Ms Bishop eventually agreed to get on the plane but made her displeasure very clear to the flight staff, despite their attempts to provide the best possible service.
“She wouldn’t take anything. she was like a spoilt child,” he said. “I just thought it was incredible. She’s paid by the Australian taxpayer. To even get into her mind that she’s entitled to a particular seat just floors me.”

Ann ODyne said...

Dear Coppy - 31st July! I looked for a Mystic Medusa horoscope and it confirmed what your readers all know "Leos are quotable" - see Diana Vreeland a supreme example, infamous Tweeter JK Rowling born on the same day as you, and your astro-bro list has Daniel Radcliffe and the articulate Prez Barack Obama as well as bonkingly beautiful Ben Affleck [I would tolerate his gambling] and here's Mystics' take on your astro-bro Arnold Schwarzenegger [a Leo with Mars in Leo]:

'The extreme and highly effective life-altering 1970's Arnie Diet - Eat and drink whatever the hell you feel like apart from packet/junk food, work-out for 4 hours, and get yourself 10 orgasms.'

Apparently these can be DIY, or via the kid's nanny in Arnie's case, but you have to have ten. I get them from blueberry custard muffins myself.

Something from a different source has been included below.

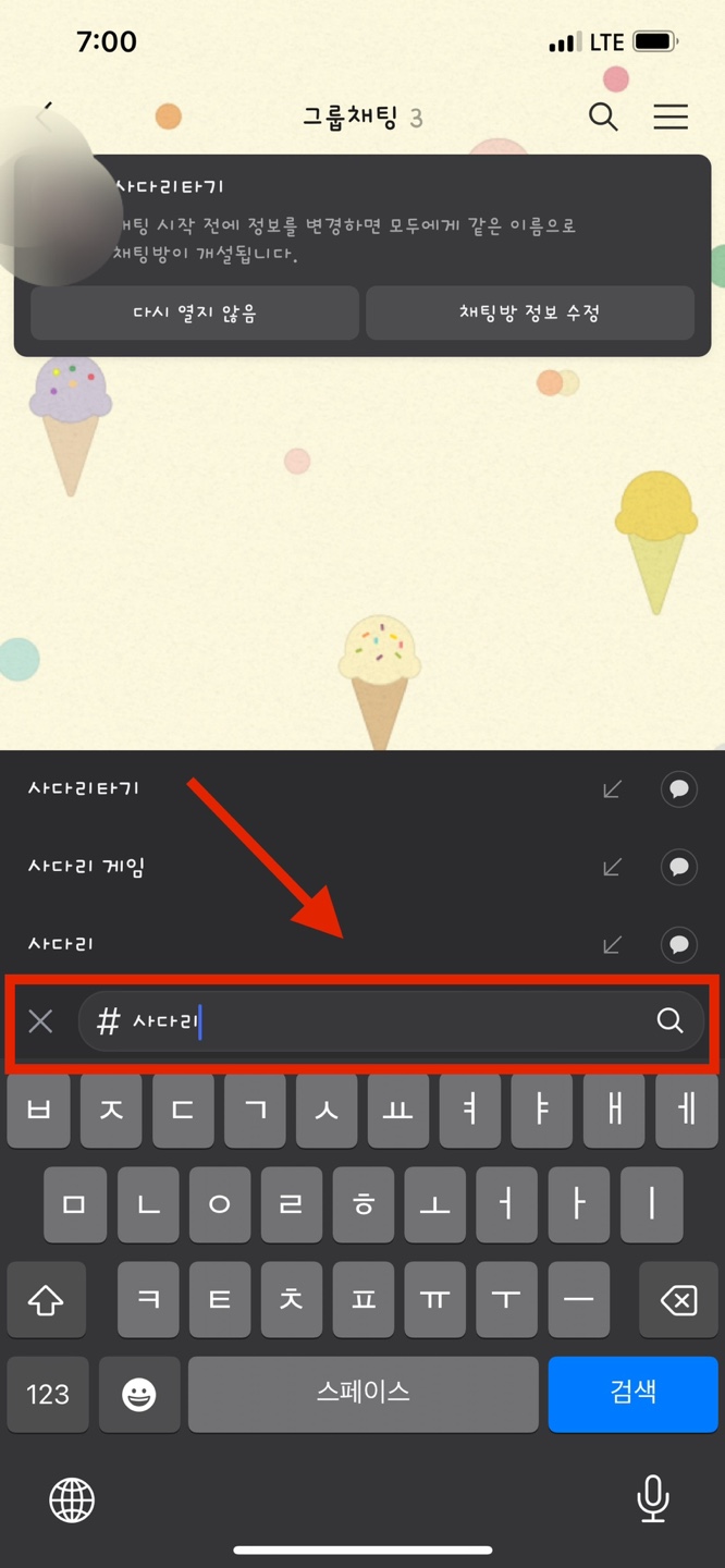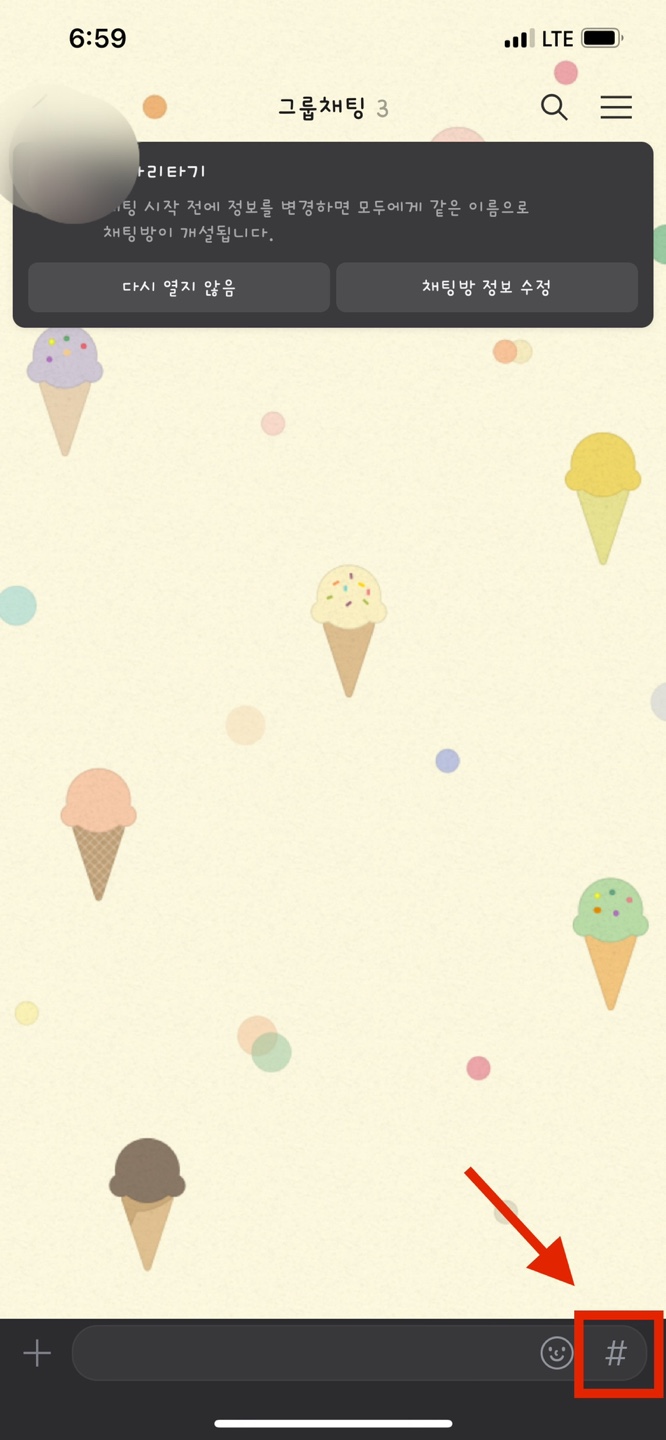 채팅방이 만들어졌으면 오른쪽 하단에 있는 # 모양의 아이콘을 눌러 사다리타기를 검색해서 선택합니다.
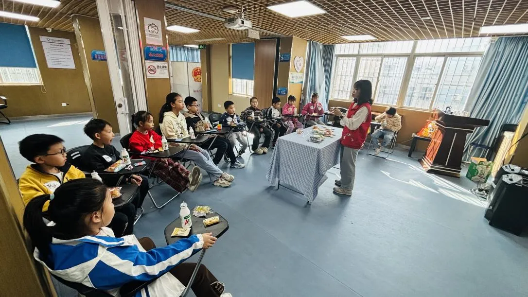 活动伊始,“大树和松鼠”破冰游戏拉开序幕。参与者分组扮演“大树” 与 “松鼠”,随着社工“猎人来了”“着火了”“地震了”等指令响起,“松鼠” 们灵活穿梭寻找新“树洞”,“大树”们也迅速重组队形,现场欢呼声、奔跑声此起彼伏指令灵活重组、穿梭互动,这场趣味十足的互动游戏不仅快速消除了孩子们之间的陌生感,更让大家在协作与欢笑中放松身心,为后续的深度交流奠定了融洽氛围,活动现场还精心准备了曲奇饼、奶糖、AD 钙奶等丰富茶点,让孩子们在轻松惬意的环境中放松身心、畅所欲言。

Wishing you many happy warm and fabulous returns of this your birthday
.

Elephant's Child said...

And a very happy birthday from me too. A chocolate filled peaceful birthday. With jewels...

R.H. said...

A very happy birthday big thing, sorry I missed it.

JahTeh said...

Leos are also made for the good life which is why we live in the fast lane of chocolates and ice-cream and in my case, divinely gorgeous men that don't and never will exist. I have high standards men could never reach.

Look at Ben Affleck, the gambling I could tolerate, the nanny (another one) fumbling, no.

Robbert, there is no hope for you if you missed a big thing birthday. I could have used a Tango or maybe a bit of Rumba.

El Chi, not a chocolate in the house but I found a packet of sugerless biscuits I'd hidden. Not quite the same.

Ann ODyne said...

Mr Holt who uses lumps of Blu-Tack to make his ears stick out, was in his Tony Abbott suit and blue tie. Outside Bishop's electorate office, clutching a bunch of flowers he launched into his self-penned song set to the tune of Candle in the Wind:

“Goodbye Bronwyn Kathleen,

Though they never respected you at all,

You had the grace to hire yourself,

The aircraft you desired ...”

“Now it seems to me that you lived your life like a chopper in the wind ...”
http://www.dailytelegraph.com.au/newslocal/northern-beaches/chopper-in-the-wind-tony-abbott-impersonators-singing-tribute-to-bronwyn-bishop/

JahTeh said...

Bwahahahahaha, how absolutely brilliant. One of the panel on The Drum last night said she was the worst Speaker of the House he'd ever seen and it was Bat Ears plan to sow discord and slow down sittings.

iODyne said...

good point, so bat-ears not as stupid as he looks, or his Advisors aren't. I used to watch QTime but she made it true masochism to do so, and I don't now.